Kinda late now, but I wouldn't have done the intake. At least not a K&N. The stock intake with some modification is good for over 500rwhp with no issues.

To block the egr you need 2 things. 1. the block off plate and 2 either a finger stick or a tuner to tell the computer to turn the egr off and to keep from setting codes.

I'd look into Efi Live or a PPE tuner over the Edge. The Edge I think has built in guages where as Efi Live or PPE you'd have to get aftermarket guages but cost wise for the performance increase you'll see PPE or Efi Live is better then Edge.


----------



## tls22 (Sep 30, 2007)

cubanb343;1144946 said:


> Here is mine during the summer


Real nice looking


----------



## BoyneCityGuy (May 7, 2009)

Mark13;1146404 said:


> Kinda late now, but I wouldn't have done the intake.

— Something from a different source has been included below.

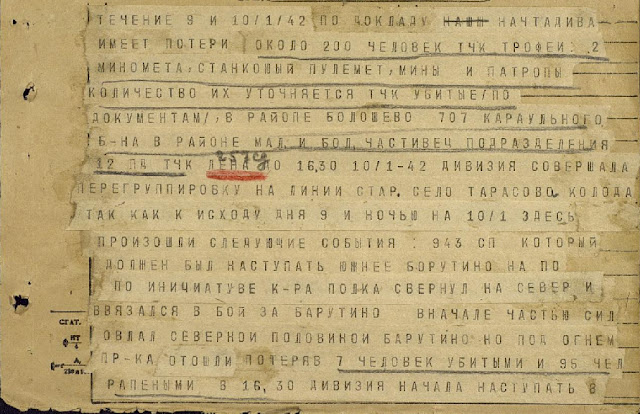Лист 10.Командующему Калининским фронтом.Итоги боевых действий за 27.01.42г.23 СД, сменив батальон 42 СБР на участке Гусево, Наумово, вела в течение дня напряженные бои сев. и сев.-вост. Молвотицы с пр-ком, наступавшим от Бель 1-я. К вечеру части дивизии рассеяли пр-ка и отбросили к Бель 1-я.Наибольшую активность пр-к проявил в направлении Холм с зап. и юго-зап.33 СД - с утра 27.01.42г. пр-к перешел в наступление из р-нов Пронино вдоль большака Куземкино - Холм. К 11.00 до 600 чел. пр-ка.С артиллерией при поддержке авиации прорвались в Холм. В городе идет напряженный бой.Командиру дивизии приказано выяснить на месте обстоят. пр-ка и привлечь виновных к строгой ответственности. Одновременно дано указание оставить прикрытие на сев.-зап. и сев. окраинах города. Основные силы сосредоточить южн. Холм с задачей разгрома пр-ка, действующего в р-не Пронино - Куземкино, и вновь занять зап. часть Холм, наступая с зап.28.01.42г. в дивизию выезжает член Военного Совета.54 СБР - приказ: к утру 28.01.42г. выйти в р-н Поколоты - Качаново, Хомягино с задачей перехватить большак Локня, Холм, нанести удар в тыл пр-ку. Лыжный батальон, приданный бригаде, остается в р-не Самушенка и ведет разведку в сев. и зап. направлениях.257 СД - приказ: перейти к активным действиям с целью к исходу 29.01.42г. совместно с 3 СБР овладеть Великие Луки.Поступили вновь прибывшие 391 и 130 СД и 154, 86 СБР. После выгрузки сосредоточились в следующих р-нах: 391 СД - Полганово, Сухая Нива, Владычно (6-8 км юго-зап. Молвотицы).86 СБР - Луг, Рудаково, Перхово (6-8 км южн. Молвотицы).Лист 14.Тов. Коневу (ком. Калининским фронтом).Итоги боевых действий за 31.01.42г.Войска армии, обороняющиеся на правом фланге, продолжают активные действия в р-не Холм и Великие Луки.Пр-к, оказывая всюду активное сопротивление, продолжает сосредоточивать свои силы в р-не Локня.33 СД - частыми атаками улучшала свое положение. Дивизия получила возможность использовать 73 СП для атаки Холм с запада.45 СБР овладела Пронино, перехватила дорогу Холм - Локня, и тем самым обеспечивала 33 СД от прорыва пр-ка с запада в Холм. Одним батальоном продолжала очищать от пр-ка р-н Тараканово.Пр-к ведет настойчивые атаки вдоль дороги Локня - Холм.Лист 16.Пр-к оказывает упорное сопротивление Холм. В р-не Хворошино, Тараканово, Максимово, Марково пр-к сосредоточил новые части. В р-не Беженицы, Локня скопление войск пр-ка неустановленной численности. Пр-к стремится освободить и усилить Холмскую группировку, одновременно производя в ряде мест саперные работы по р.Ловать33 СД и два СП 391 СД ведут бой в г.Холм.45 СБР обороняет фронт Пронино, Скаруево, Луг.54 СБР обороняет Худяки, Рысцово, Погоренка.26 СБР выставил заслон в сторону Груздово, 38 СБР через Поддорье, Вичевицы наступает на Ратга и далее на Беженицы.8 ГСД через Шапково, Какачево, выходит в р-н Мазуры (12 км зап. Холм), откуда после разгрома пр-ка совместно с 75 и 45 СБР в р-не Хворощино, Максимово, Сопки наступает на Замошье и далее на Локня.54 СБР обороняет р-н Маслово, Рысцово, Погорельцы, Малкино с подходом 45 СБР, 33 СД переходит в наступление на Селебино. Дальше совместно с 33 СД наступает зап. р.Ловать на Великие Луки, Новосокольники.33 СД по овладении Холм наступает за 45 СБР для содействия по разгрому пр-ка Темный Бор, Язвы.Справка.С 7 по 24.03.42г. по карте боевых действий 33 СД видно, что в р-н г.Холм были подтянуты дивизии: 75 СД - д.Иваньково (сев.-зап.), 37 СД - д.Куземкино (ю

At least not a K&N. The stock intake with some modification is good for over 500rwhp with no issues.
> 
> To block the egr you need 2 things. 1. the block off plate and 2 either a finger stick or a tuner to tell the computer to turn the egr off and to keep from setting codes.
> 
> I'd look into Efi Live or a PPE tuner over the Edge. The Edge I think has built in guages where as Efi Live or PPE you'd have to get aftermarket guages but cost wise for the performance increase you'll see PPE or Efi Live is better then Edge.


i understand the blocker plate, i have heard of the finger stick but really dont know what it is...any explaination?? and i will look into the other tuners more, im not looking for a race truck, just some more economy and a little extra power for towing (which it really doesnt need, but would be nice) and a little playtime. i dont need to push 600hp with 1100 lbft...just wanna have a conservative but fun truck...and with the grandpa boards, nobody will ever expect it


----------



## William B. (Jul 22, 2004)

BoyneCityGuy;1150763 said:


> i understand the blocker plate, i have heard of the finger stick but really dont know what it is...any explaination?? and i will look into the other tuners more, im not looking for a race truck, just some more economy and a little extra power for towing (which it really doesnt need, but would be nice) and a little playtime. i dont need to push 600hp with 1100 lbft...just wanna have a conservative but fun truck...and with the grandpa boards, nobody will ever expect it


It is a simple circuit that modifies the MAF signal on LLY/LBZ engines (not LB7 engines) to expected levels when the EGR is blocked or a free flowing exhaust system causes the ECM to set codes. This will prevent a Service Engine Soon light from illuminating and will prevent the ECM from displaying DTC codes related to an EGR modification or larger exhaust.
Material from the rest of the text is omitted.